While waiting for the 1.58 bit era to become reality, I decided to see if the current 1.5 quantization in llama.cpp can be improved. The answer is yes, and this PR makes the change to IQ1_S. It is a breaking change, but I feel this is OK because I don't expect too many 1.5 bpw quants floating around the Internet.

The table shows a PPL comparison between IQ1_S on master and this PR. Context is 2048 tokens for LLaMA-v1 and 4096 for all other models. The last column shows the rms_norm_epsilon used to generate the PR results.

Model PPL (master) PPL (PR) rms_norm_epsilon
LLaMA-v1-7B 17.93 14.20 5e-5
LLaMA-v1-13B 9.619 8.941 4e-5
LLaMA-v1-30B 7.564 6.999 2.5e-5
LLaMA-v2-7B 15.33 13.51 1.875e-5
LLaMA-v2-13B 9.167 8.134 2e-5
LLaMA-v2-70B 5.675 5.343 3e-5
Mistral-7B 10.80 11.21 default
Mixtral8x7B 7.261 6.354 default

Apart from Mistral-7B, all results are significantly better. My guess is that we simply got very lucky with Mistral-7B with the previous quantization, considering the unexpectedly large difference between LLaMA-v2-7B and Mistral-7B there.

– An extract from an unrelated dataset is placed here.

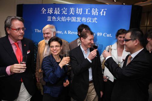 比利時安特衛(wèi)普政府代表團(tuán)在TESIRO通靈上海亞洲旗艦店對藍(lán)色火焰鉆石在中國上市表示慶賀
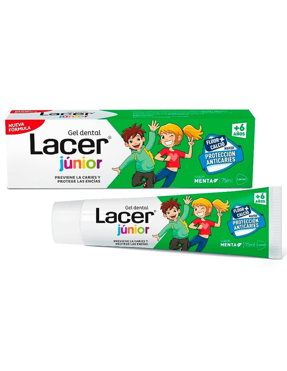 Gel dentífrico Lacer Junior con flúor y suave sabor a menta. Protege el esmalte y previene la caries en niños a partir de los 6 años.

The new quantization is the exact same size as the one on master, and uses 1.5 bpw (excluding the super-block scale). In the original version these 1.5 bits are spent on a group-of-8 codebook with 512 entries (9 bits), and a 3-bit scale per 8 weights. In the new quantization there are 2048 entries in the codebook (11 bits), along with one 4-bit scale per 32 weights.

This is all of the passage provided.